Once the line holding "- Quando si" is found in the listing below, write it out and each later line exactly, up to and including the one holding "Amaze the love".

### THE RECORDS ###

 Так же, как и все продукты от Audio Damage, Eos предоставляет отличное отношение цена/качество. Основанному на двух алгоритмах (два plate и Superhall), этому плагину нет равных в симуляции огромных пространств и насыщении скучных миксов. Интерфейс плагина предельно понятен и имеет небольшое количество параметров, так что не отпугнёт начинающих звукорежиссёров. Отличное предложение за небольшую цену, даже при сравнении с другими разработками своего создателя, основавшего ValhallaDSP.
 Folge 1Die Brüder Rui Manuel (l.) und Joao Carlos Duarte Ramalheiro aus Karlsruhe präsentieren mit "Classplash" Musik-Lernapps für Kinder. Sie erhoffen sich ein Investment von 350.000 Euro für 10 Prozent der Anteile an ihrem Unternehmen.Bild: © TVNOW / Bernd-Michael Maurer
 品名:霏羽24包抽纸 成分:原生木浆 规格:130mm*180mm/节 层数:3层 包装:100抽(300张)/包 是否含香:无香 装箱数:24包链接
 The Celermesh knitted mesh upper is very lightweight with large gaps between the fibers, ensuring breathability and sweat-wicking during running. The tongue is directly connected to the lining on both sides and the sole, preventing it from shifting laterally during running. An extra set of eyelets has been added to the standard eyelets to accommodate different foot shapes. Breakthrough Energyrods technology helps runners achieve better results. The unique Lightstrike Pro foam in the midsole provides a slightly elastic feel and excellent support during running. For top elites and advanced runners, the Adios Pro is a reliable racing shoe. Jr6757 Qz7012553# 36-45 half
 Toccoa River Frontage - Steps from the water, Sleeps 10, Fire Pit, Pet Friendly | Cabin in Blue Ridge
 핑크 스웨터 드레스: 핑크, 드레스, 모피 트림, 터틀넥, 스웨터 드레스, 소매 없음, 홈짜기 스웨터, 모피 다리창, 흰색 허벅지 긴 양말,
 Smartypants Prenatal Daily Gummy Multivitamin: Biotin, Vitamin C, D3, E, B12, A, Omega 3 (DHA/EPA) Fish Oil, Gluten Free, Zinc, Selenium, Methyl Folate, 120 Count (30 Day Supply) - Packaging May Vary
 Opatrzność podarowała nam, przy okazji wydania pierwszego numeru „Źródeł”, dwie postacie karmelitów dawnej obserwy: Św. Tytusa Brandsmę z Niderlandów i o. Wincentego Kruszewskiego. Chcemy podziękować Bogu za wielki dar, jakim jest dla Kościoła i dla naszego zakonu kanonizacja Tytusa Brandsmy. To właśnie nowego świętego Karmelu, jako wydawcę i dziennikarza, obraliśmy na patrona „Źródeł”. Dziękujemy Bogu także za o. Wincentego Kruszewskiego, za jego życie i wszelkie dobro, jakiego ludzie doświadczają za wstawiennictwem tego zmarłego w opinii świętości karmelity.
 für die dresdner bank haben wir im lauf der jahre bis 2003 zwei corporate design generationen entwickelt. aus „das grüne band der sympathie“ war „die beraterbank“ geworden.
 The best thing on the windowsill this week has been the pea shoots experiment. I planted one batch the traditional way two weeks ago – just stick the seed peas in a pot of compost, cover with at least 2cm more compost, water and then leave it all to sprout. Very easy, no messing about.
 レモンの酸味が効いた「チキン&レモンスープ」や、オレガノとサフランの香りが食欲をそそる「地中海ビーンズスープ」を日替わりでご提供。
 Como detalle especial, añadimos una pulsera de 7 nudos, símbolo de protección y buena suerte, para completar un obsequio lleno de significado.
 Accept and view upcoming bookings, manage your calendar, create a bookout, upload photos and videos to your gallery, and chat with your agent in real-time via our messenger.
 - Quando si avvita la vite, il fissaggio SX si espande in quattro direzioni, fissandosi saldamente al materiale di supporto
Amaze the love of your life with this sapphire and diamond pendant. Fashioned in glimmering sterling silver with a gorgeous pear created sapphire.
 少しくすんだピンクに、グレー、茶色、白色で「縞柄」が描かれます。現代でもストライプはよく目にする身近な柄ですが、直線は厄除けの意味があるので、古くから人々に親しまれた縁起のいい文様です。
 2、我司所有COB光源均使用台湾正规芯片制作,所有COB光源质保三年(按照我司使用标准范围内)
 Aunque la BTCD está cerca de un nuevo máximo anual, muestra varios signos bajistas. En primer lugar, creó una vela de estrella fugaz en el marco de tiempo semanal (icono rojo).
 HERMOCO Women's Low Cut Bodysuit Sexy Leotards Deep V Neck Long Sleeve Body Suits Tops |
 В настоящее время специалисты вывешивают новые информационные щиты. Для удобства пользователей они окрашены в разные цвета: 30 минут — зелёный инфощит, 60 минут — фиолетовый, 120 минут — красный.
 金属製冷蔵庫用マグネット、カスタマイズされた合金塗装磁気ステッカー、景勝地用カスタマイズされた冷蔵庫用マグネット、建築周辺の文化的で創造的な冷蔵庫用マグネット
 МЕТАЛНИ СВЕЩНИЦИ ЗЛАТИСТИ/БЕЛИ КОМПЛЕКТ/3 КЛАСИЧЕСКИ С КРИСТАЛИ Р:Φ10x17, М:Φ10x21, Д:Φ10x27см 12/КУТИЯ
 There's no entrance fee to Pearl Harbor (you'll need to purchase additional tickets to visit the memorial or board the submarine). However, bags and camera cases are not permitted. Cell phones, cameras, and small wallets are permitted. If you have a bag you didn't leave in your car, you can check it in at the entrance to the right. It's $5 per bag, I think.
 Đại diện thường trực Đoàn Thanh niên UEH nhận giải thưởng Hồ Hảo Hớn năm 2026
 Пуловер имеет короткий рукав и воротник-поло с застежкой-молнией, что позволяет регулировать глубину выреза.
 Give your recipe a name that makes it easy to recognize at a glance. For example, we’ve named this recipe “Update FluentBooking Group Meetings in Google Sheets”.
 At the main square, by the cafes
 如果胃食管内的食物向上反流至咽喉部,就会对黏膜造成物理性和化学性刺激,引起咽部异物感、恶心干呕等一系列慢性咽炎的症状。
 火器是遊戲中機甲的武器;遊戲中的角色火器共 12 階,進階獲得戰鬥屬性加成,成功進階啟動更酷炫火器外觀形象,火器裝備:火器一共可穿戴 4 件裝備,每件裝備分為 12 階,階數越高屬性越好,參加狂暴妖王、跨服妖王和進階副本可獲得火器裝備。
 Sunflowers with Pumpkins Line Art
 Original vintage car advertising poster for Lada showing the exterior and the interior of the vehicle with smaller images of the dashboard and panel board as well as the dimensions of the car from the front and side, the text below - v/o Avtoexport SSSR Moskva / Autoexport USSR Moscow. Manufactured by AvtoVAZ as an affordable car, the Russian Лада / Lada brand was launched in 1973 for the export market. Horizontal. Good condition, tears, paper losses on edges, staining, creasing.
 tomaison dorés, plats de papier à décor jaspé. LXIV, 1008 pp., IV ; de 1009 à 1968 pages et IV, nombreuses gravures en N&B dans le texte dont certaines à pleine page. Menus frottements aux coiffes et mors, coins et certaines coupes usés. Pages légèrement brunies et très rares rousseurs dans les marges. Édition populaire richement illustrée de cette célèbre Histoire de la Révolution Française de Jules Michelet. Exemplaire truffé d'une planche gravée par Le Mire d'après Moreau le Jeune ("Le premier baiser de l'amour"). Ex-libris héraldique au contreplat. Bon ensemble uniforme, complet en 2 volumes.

###

| RESULT OF THIS TASK |
 - Quando si avvita la vite, il fissaggio SX si espande in quattro direzioni, fissandosi saldamente al materiale di supporto
Amaze the love of your life with this sapphire and diamond pendant. Fashioned in glimmering sterling silver with a gorgeous pear created sapphire.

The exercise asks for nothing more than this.